- Logo
- Location in Codington County and the state of South Dakota
- Coordinates: 44°52′40″N 97°27′41″W﻿ / ﻿44.87778°N 97.46139°W
- Country: United States
- State: South Dakota
- County: Codington
- Incorporated: 1886

Area
- • Total: 1.45 sq mi (3.76 km^{2})
- • Land: 1.45 sq mi (3.76 km^{2})
- • Water: 0 sq mi (0.00 km^{2})
- Elevation: 1,811 ft (552 m)

Population (2020)
- • Total: 256
- • Density: 176.3/sq mi (68.07/km^{2})
- Time zone: UTC-6 (CST)
- • Summer (DST): UTC-5 (CDT)
- ZIP code: 57243
- Area code: 605
- FIPS code: 46-28140
- GNIS feature ID: 1267417
- Website: henrysd.com

= Henry, South Dakota =

Henry is a town in southwestern Codington County, South Dakota, United States. The population was 256 at the 2020 census. It is part of the Watertown, South Dakota Micropolitan Statistical Area.

==History==
A post office called Henry has been in operation since 1879. Henry was platted in 1882. It was named for J. E. Henry, a pioneer settler.

==Geography==
According to the United States Census Bureau, the town has a total area of 1.45 sqmi, all land.

==Demographics==

Historical population
| Census | Pop. | Note | %± |
| 1890 | 194 |  | — |
| 1900 | 191 |  | −1.5% |
| 1910 | 441 |  | 130.9% |
| 1920 | 418 |  | −5.2% |
| 1930 | 358 |  | −14.4% |
| 1940 | 322 |  | −10.1% |
| 1950 | 323 |  | 0.3% |
| 1960 | 276 |  | −14.6% |
| 1970 | 182 |  | −34.1% |
| 1980 | 217 |  | 19.2% |
| 1990 | 215 |  | −0.9% |
| 2000 | 268 |  | 24.7% |
| 2010 | 267 |  | −0.4% |
| 2020 | 256 |  | −4.1% |
| 2021 (est.) | 262 | Increase | 2.3% |
U.S. Decennial Census 2020 Census

===2010 census===
As of the census of 2010, there were 267 people, 106 households, and 75 families residing in the town. The population density was 184.1 PD/sqmi. There were 123 housing units at an average density of 84.8 /sqmi. The racial makeup of the town was 97.8% White, 0.4% African American, 0.7% Native American, and 1.1% from two or more races.
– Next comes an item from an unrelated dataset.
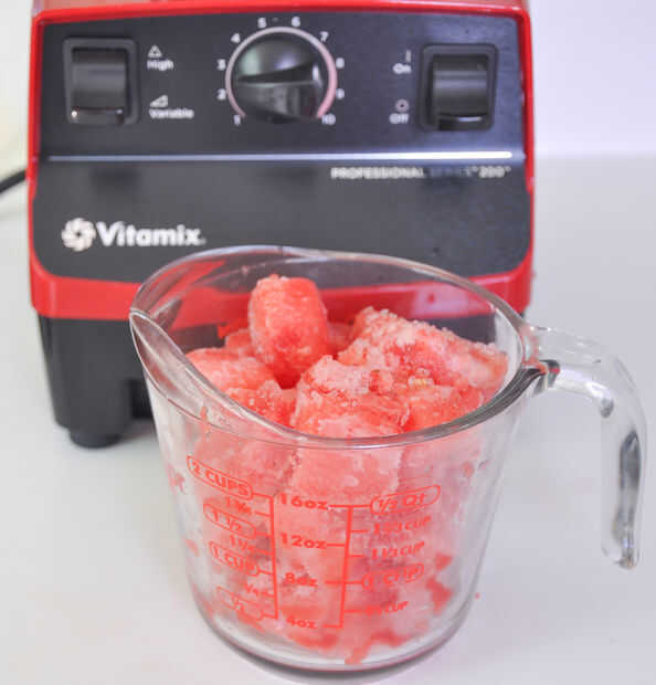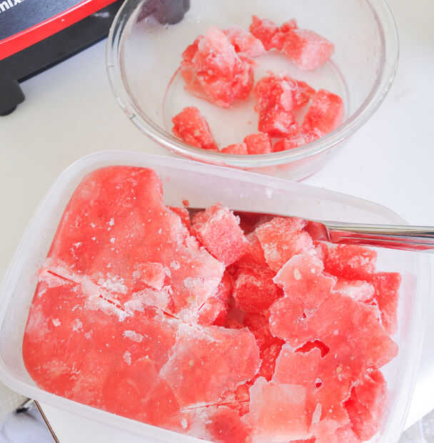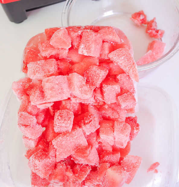 Lo que debes hacer. Cortar la sandía en cubos para mezclar más fácil. Poner sus cubos en una bolsa de ziploc galón. Trate de evitar cualquier exceso de agua o jugo en la bolsa. Pega esto en el congelador hasta que esté congelados (sólo dejé toda la noche).

There were 106 households, of which 34.9% had children under the age of 18 living with them, 51.9% were married couples living together, 11.3% had a female householder with no husband present, 7.5% had a male householder with no wife present, and 29.2% were non-families. 24.5% of all households were made up of individuals, and 8.5% had someone living alone who was 65 years of age or older. The average household size was 2.52 and the average family size was 2.92.

The median age in the town was 39.4 years. 26.2% of residents were under the age of 18; 10.4% were between the ages of 18 and 24; 19.4% were from 25 to 44; 31.8% were from 45 to 64; and 12% were 65 years of age or older. The gender makeup of the town was 52.4% male and 47.6% female.

===2000 census===
As of the census of 2000, there were 268 people, 101 households, and 71 families residing in the town. The population density was 185.3 PD/sqmi. There were 116 housing units at an average density of 80.2 /sqmi. The racial makeup of the town was 98.88% White, 0.37% Native American, 0.75% from other races. Hispanic or Latino of any race were 1.87% of the population.
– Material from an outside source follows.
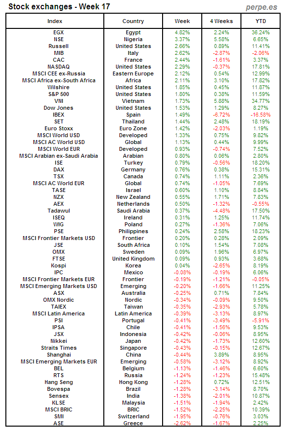 Bolsas Mundiales: Semana 17

There were 101 households, out of which 37.6% had children under the age of 18 living with them, 57.4% were married couples living together, 9.9% had a female householder with no husband present, and 29.7% were non-families. 26.7% of all households were made up of individuals, and 9.9% had someone living alone who was 65 years of age or older. The average household size was 2.65 and the average family size was 3.28.

In the town, the population was spread out, with 28.7% under the age of 18, 8.6% from 18 to 24, 31.7% from 25 to 44, 21.3% from 45 to 64, and 9.7% who were 65 years of age or older. The median age was 32 years. For every 100 females, there were 111.0 males. For every 100 females age 18 and over, there were 103.2 males.

The median income for a household in the town was $36,607, and the median income for a family was $42,500. Males had a median income of $24,167 versus $25,750 for females. The per capita income for the town was $13,778. About 5.1% of families and 10.0% of the population were below the poverty line, including 10.0% of those under the age of eighteen and 38.5% of those 65 or over.

==Education==
It is in the Henry School District 14-2.